■ **Exercise instructions**
A word-for-word copy of the listing is required, and it must contain no pictures.

■ **Stored data**
-----

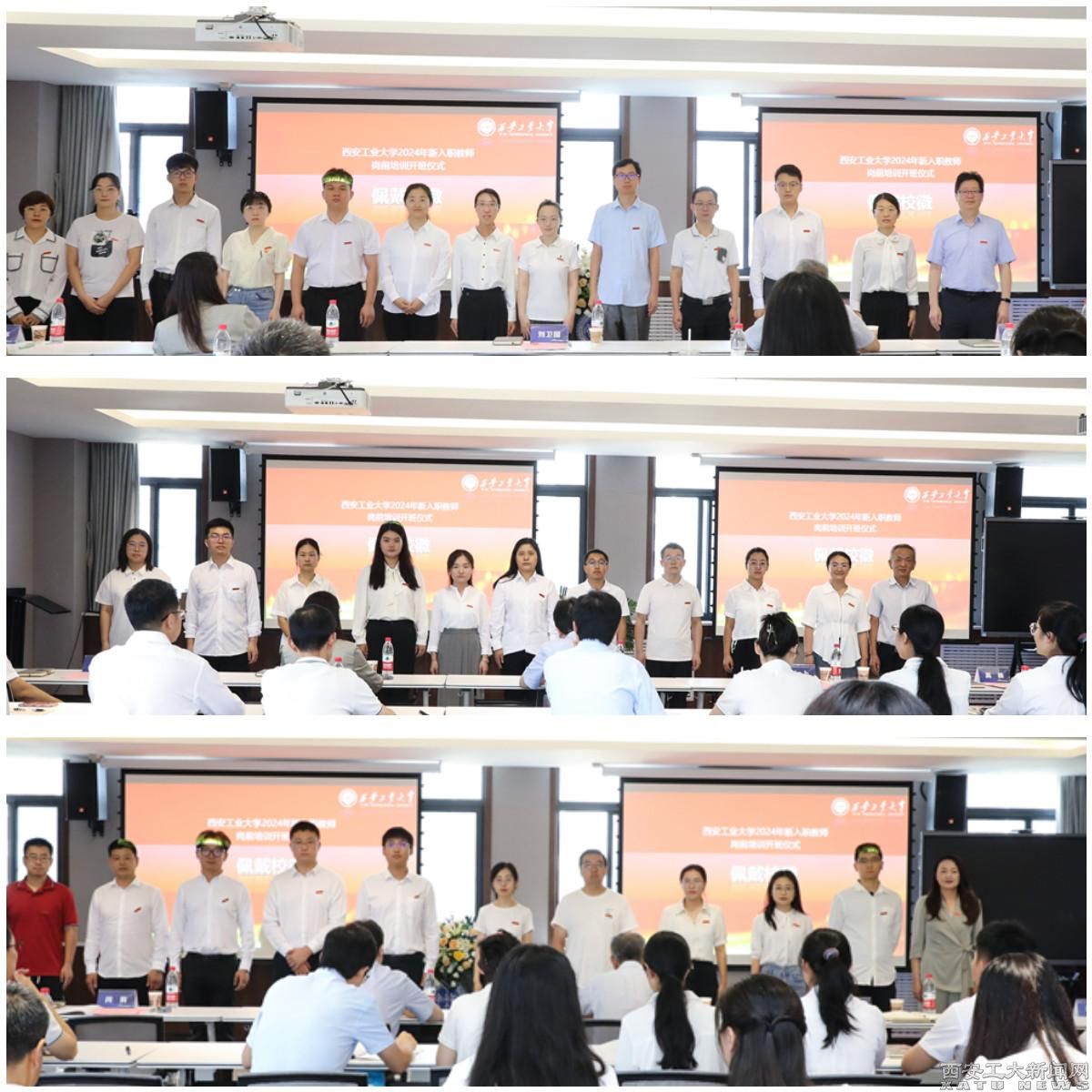 与会校领导为新入职教师代表颁发并佩戴校徽。
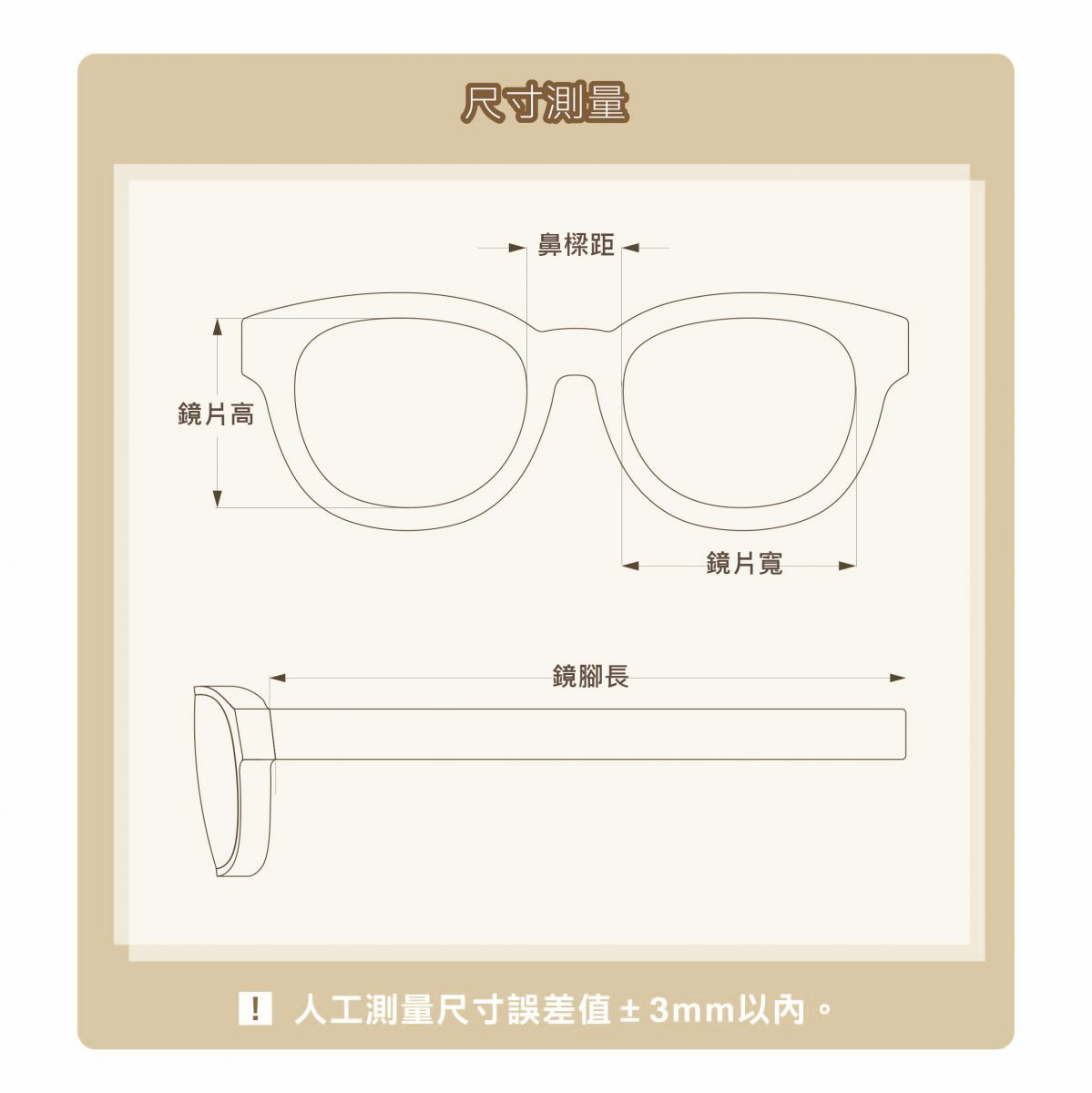 鏡片寬 Lens width 54 mm 鏡片高 Lens height 49 mm 鼻距 Bridge width 15 mm 鏡腳長 Temple length 145 mm
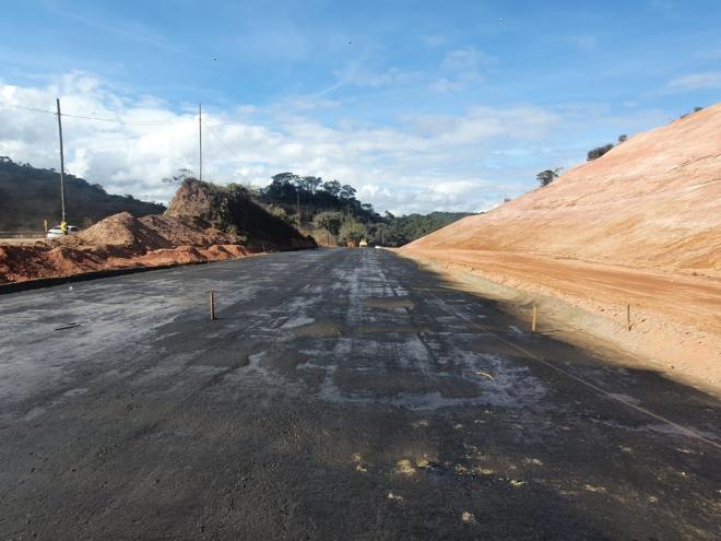 Após seis meses em obra de recuperação, o trecho do km 321 da BR-381, em Nova Era, começa a receber pavimentação asfáltica

-----

■ **Exercise solution**
 与会校领导为新入职教师代表颁发并佩戴校徽。
 鏡片寬 Lens width 54 mm 鏡片高 Lens height 49 mm 鼻距 Bridge width 15 mm 鏡腳長 Temple length 145 mm
 Após seis meses em obra de recuperação, o trecho do km 321 da BR-381, em Nova Era, começa a receber pavimentação asfáltica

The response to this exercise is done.